- Map showing Baraundi (#558) in Khiron CD block
- Baraundi Location in Uttar Pradesh, India
- Coordinates: 26°18′06″N 80°54′01″E﻿ / ﻿26.301696°N 80.900317°E
- Country India: India
- State: Uttar Pradesh
- District: Raebareli

Area
- • Total: 2.013 km^{2} (0.777 sq mi)

Population (2011)
- • Total: 1,556
- • Density: 773.0/km^{2} (2,002/sq mi)

Languages
- • Official: Hindi
- Time zone: UTC+5:30 (IST)
- Vehicle registration: UP-35

= Baraundi =

Baraundi is a village in Khiron block of Rae Bareli district, Uttar Pradesh, India.
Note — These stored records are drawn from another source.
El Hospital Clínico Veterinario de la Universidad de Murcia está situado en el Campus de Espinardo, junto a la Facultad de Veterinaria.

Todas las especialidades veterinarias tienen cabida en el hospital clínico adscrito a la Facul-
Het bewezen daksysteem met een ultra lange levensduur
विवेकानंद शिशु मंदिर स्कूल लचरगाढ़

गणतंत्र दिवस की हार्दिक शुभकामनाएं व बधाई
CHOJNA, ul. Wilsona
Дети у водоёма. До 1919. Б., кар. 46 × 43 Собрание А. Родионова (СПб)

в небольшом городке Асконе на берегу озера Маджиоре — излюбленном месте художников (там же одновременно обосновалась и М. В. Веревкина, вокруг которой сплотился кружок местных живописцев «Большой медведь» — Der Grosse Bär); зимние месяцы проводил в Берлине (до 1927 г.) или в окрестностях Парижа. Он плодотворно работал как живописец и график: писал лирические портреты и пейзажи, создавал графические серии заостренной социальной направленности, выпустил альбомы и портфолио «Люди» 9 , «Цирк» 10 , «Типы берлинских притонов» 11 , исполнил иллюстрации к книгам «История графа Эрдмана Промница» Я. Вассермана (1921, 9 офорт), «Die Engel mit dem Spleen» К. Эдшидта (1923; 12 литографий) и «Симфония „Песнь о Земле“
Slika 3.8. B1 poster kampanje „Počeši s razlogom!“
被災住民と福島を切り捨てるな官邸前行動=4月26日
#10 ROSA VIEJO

It is located 23 km from Lalganj, the tehsil headquarters. As of 2011, it has a population of 1,556 people, in 270 households. It has one primary school and no healthcare facilities.
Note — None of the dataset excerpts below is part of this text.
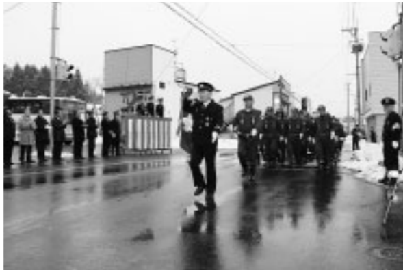
▲決意を新たに 新春恒例の「消防出初式」(1/4)
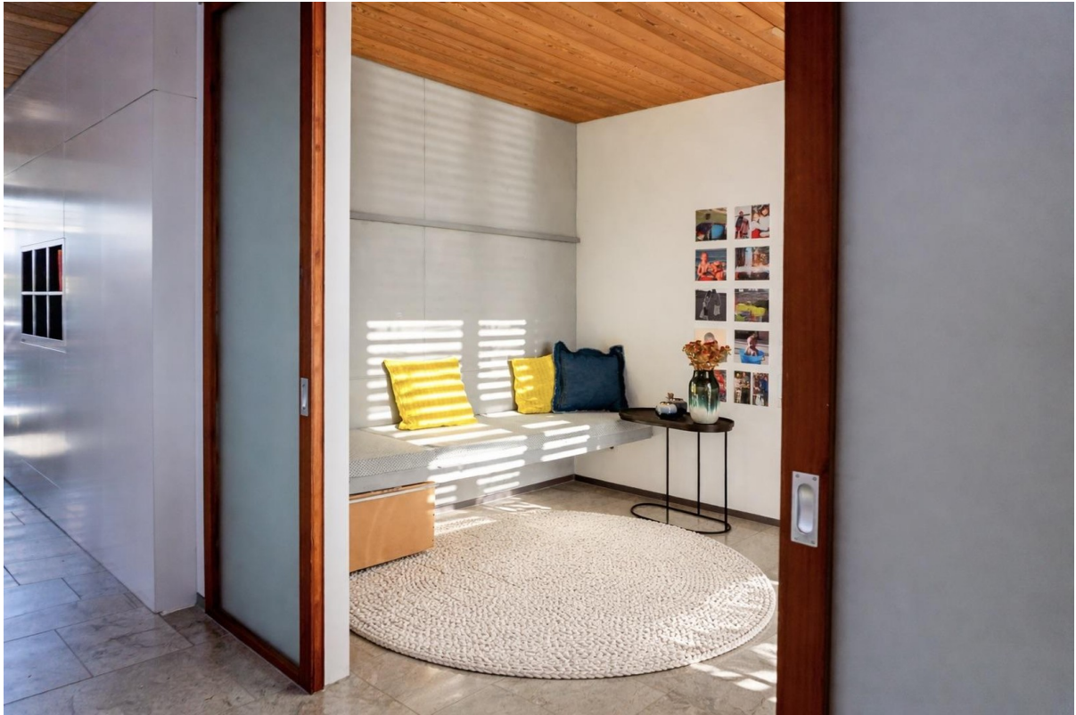
Büro mit Sitznische
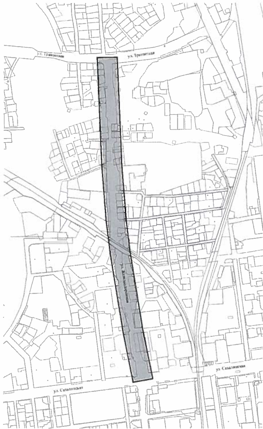
Схема границ проектируемой территории
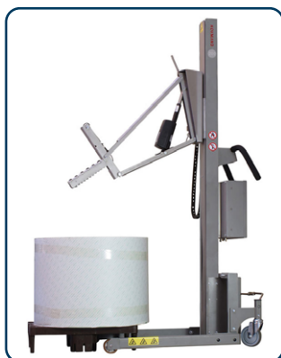
Impact 200 med rullexpander
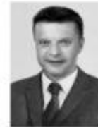
Леонид Геннадьевич ПАРФЕНОВ
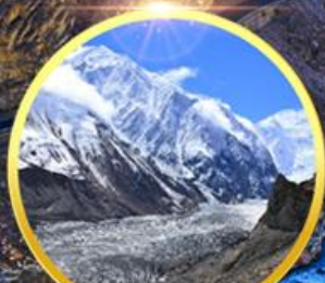
ชมความสวยงาม
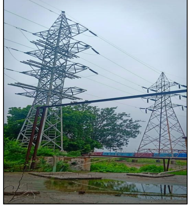
ગુજરાતના વટવા ખાતે ટોરેન્ટ પાવર લિમિટેડ દ્વારા ટાવર ઉભા કરવા અને સ્ટ્રેન્ગિંગનું કામ
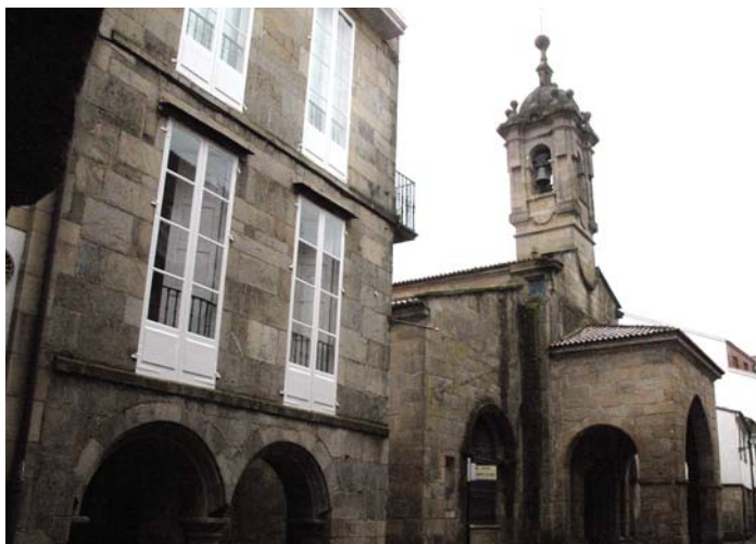
Igrexa de Salomé

Virxe embarazada da portada e por un anxo barroco con lentes que hai no seu interior. Este anxo curto de vista, que debía ser un rato de biblioteca, resúltame máis próximo que os que branden espadas de lume. Na rúa Nova hai interesantes predios barrocos, como a casa das Pomas, no número 12, obra de Domingo de Andrade, e outros posteriores, así o pazo de Ramirás, construído no século XIX sobre as ruínas do que foi Colexio dos Irlandeses, un seminario fundado no
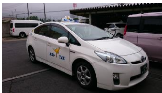
送迎移動ポストタクシー
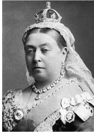
Victoria van het Verenigd Koninkrijk

Vervolgens trouwde hij met een nicht van de Deense koning Christiaan VIII; Louise van Hessen-Kassel.
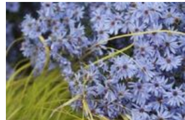
Aster cordifolius
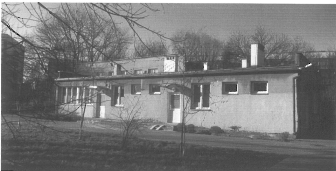
Fig. 2. Kraków, ul. Radomska 36, ściana południowo-wschodnia i północno-wschodnia budynku (segment I).
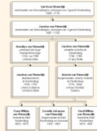
een schematisch overzicht van de voor Hardenberg belangrijkste leden van het geslacht Van Riemsdijk
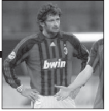
№ 214. ხუთშაბათი. 8 ნოემბერი. 2007 წელი.
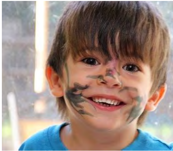
4 η εικόνα
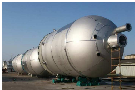
Deform tillverkar alla formade delar till tryckkärl. Här visas en komplett massakokare som levererats till kund i Sydafrika.
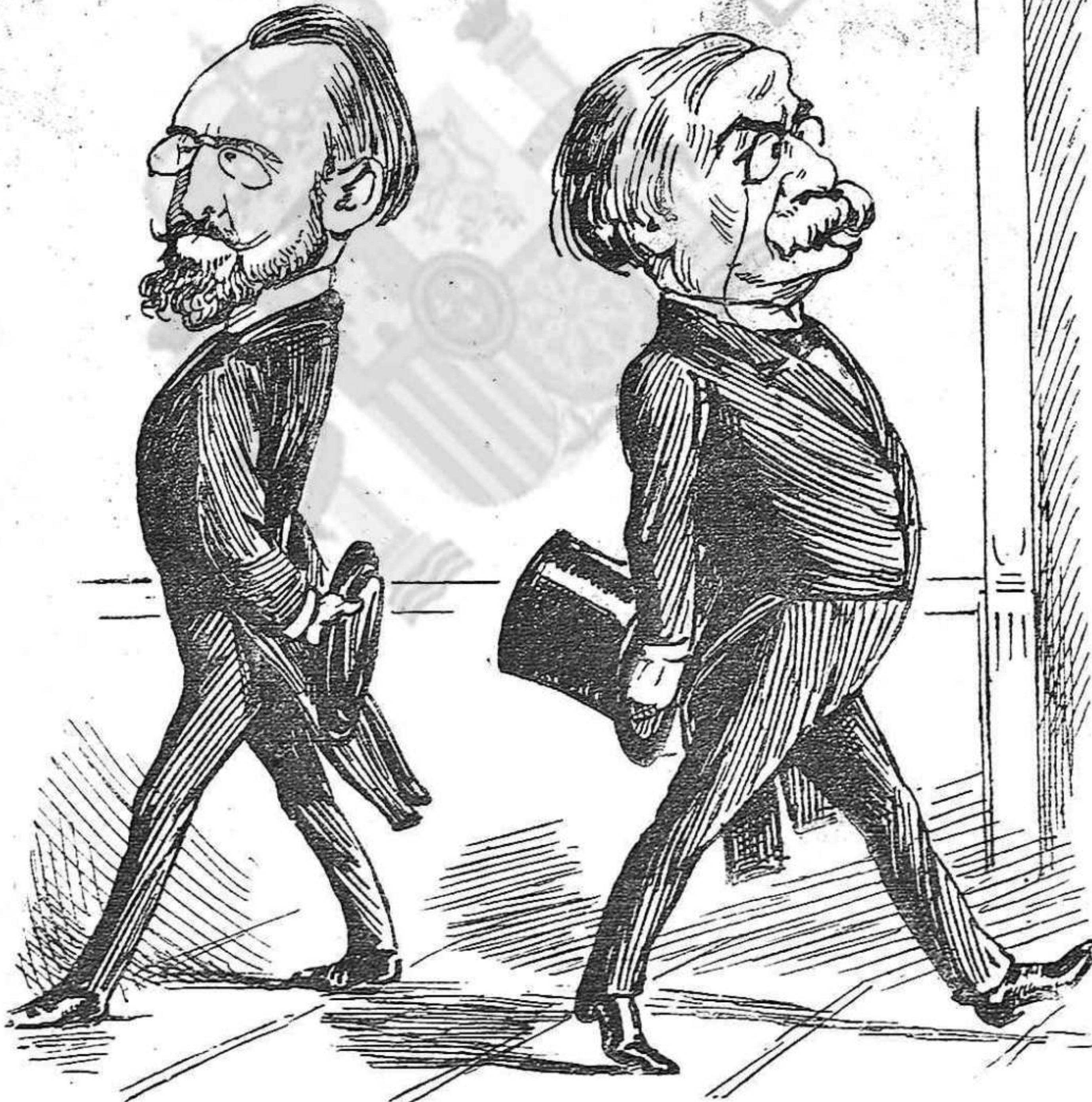
¡Aixís m' ageadan los homes! ¡Aixís tots deurian ser! ¡Si l' un terne, terne l' altre; si l' un tiesso, l' altre més!
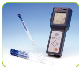
WITT OXYBABY M

The 1961 census recorded Baraundi as comprising 4 hamlets, with a total population of 578 people (314 male and 264 female), in 103 households and 88 physical houses. The area of the village was given as 515 acres.

The 1981 census recorded Baraundi as having a population of 798 people, in 136 households, and having an area of 207.20 hectares. The main staple foods were given as wheat and rice.

== Archaeology ==
During an archaeological survey of Raebareli district in the late 1990s, archaeologists D. P. Tewari and Anoop Kumar Singh encountered various redware and brickbats at Baraundi, which they dated tentatively to the medieval period.